There is a reoccurring intermittent issue that I have been experiencing with sssd 1.7 where SSSD either during or after a failure & recovery of a FreeIPA server where sssd will fail to process a user and forget to mark the status.  Thus when the FreeIPA server comes back, an effected user cannot login. (This is paticular painful when this user is present in pam_access as a (Do not allow this user to login) since it causes pam to stop processing while it waits for sssd to finish processing the pam_access user and never gets to the user logging in...  This issue seems only to occur during some timing based situations where the user is being accessed in an outage of the FreeIPA server.

( I am updating to 1.8 in the hopes that that solves this problem )

Here is a snip it from the sssd_nss.log:
(Mon Mar  5 14:43:08 2012) [sssd[nss]] [accept_fd_handler] (0x0100): Client connected!
(Mon Mar  5 14:43:08 2012) [sssd[nss]] [sss_cmd_get_version] (0x0200): Received client version [1].
(Mon Mar  5 14:43:08 2012) [sssd[nss]] [sss_cmd_get_version] (0x0200): Offered version [1].
(Mon Mar  5 14:43:08 2012) [sssd[nss]] [nss_cmd_getpwnam] (0x0100): Requesting info for [brokenuser] from [<ALL>]
(Mon Mar  5 14:43:08 2012) [sssd[nss]] [sss_ncache_check_str] (0x2000): Checking negative cache for [NCE/USER/example.com/brokenuser]
(Mon Mar  5 14:43:08 2012) [sssd[nss]] [nss_cmd_getpwnam_search] (0x0100): Requesting info for [brokenuser]
(Mon Mar  5 14:43:08 2012) [sssd[nss]] [sss_dp_get_account_send] (0x0400): Identical request in progress: [1:brokenuser]

Comment 1 Stephen Gallagher 2012-03-08 13:23:56 UTC
To reproduce do the following (provided by Simo in the upstream ticket)

Clear your caches (or expire them all) and start sssd.

ps xa|grep sssd
find the backend pid and do a kill -STOP <pid>

now do a getent passwd username the sssd_nss responder will send a message to the backend but it is blocked so it will not act.
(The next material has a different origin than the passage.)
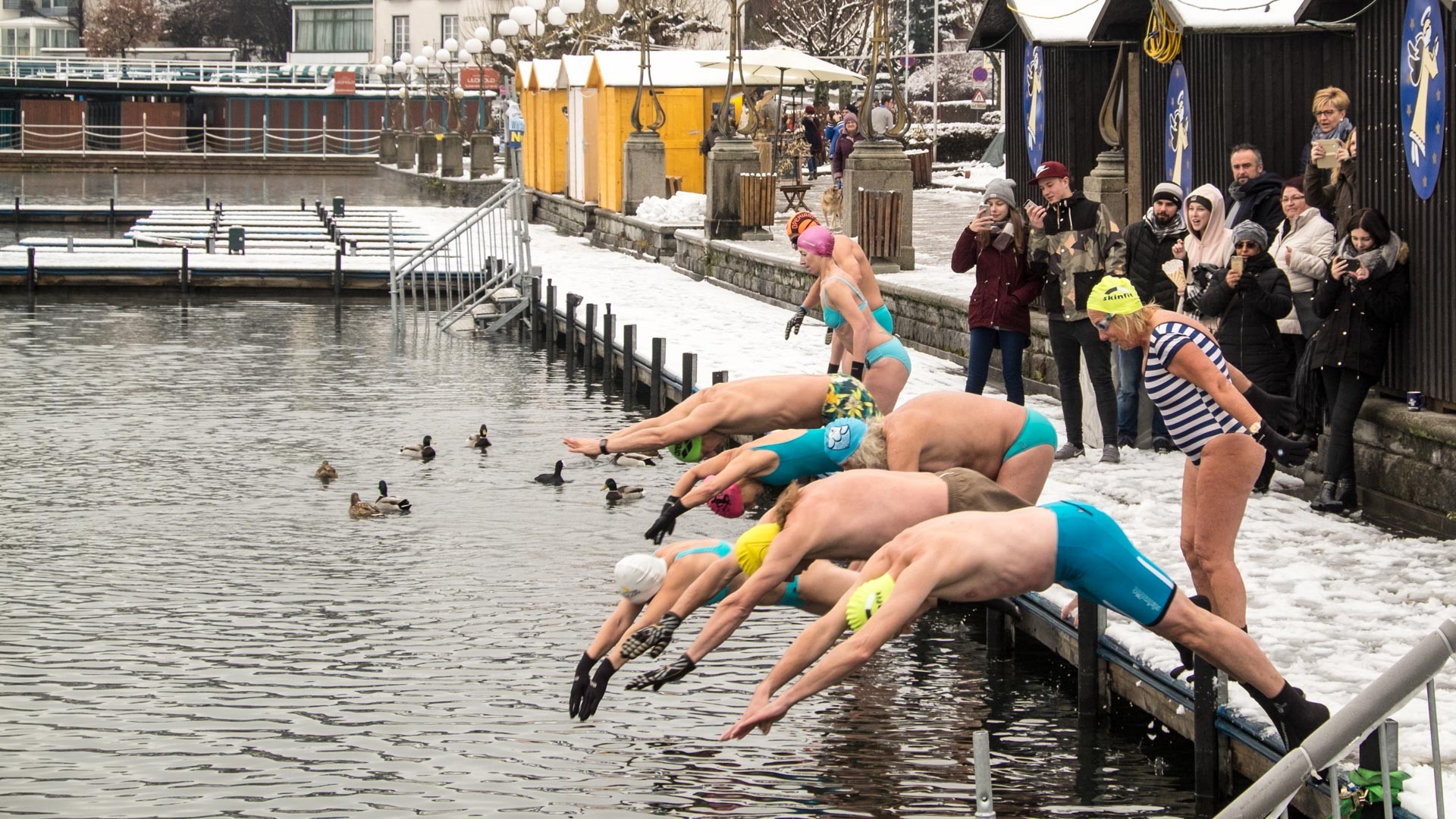 Sonntagnachmittag in Velden am Wörthersee. Der Ort, der im Sommer so wie Westerland auf Sylt ist. So schön, dass sich leider auch die Leute mit dem MEHR an Geld für diesen Ort interessieren. Aber auch im Winter bei 3 Grad Celsius und ein bisschen Schnee sieht man sehr teure Autos und selbst mitgebrachte Fotografen, die einem die perfekte Instagram Inszenierung ermöglichen. Gut, ich sitze gerne Sonntag nachmittags auf der Couch trinke Tee und lese Zeitung. Aber jeder so wie er mag. An diesem doch schon kalten Sonntag hat der Veldener Wassclub, zum Baden geladen. Kann man machen! In Anbetracht der Aussentemperatur war das Wass mit 6,5 Grad Celsius auch recht angenhem temperiert. Wenngleich mir schon beim Zuschauen kalt war.

Now kill -9 <pid> the backend. Do a new getent passwd username in anothe terminal.

Look at the nss logs (level 8) and you'll see that the call is stalled waiting for a reply that will never come.

With the patch the second name resolution will cause the cleanup function to fire and a brand new call to the backend is issued. no more stalling.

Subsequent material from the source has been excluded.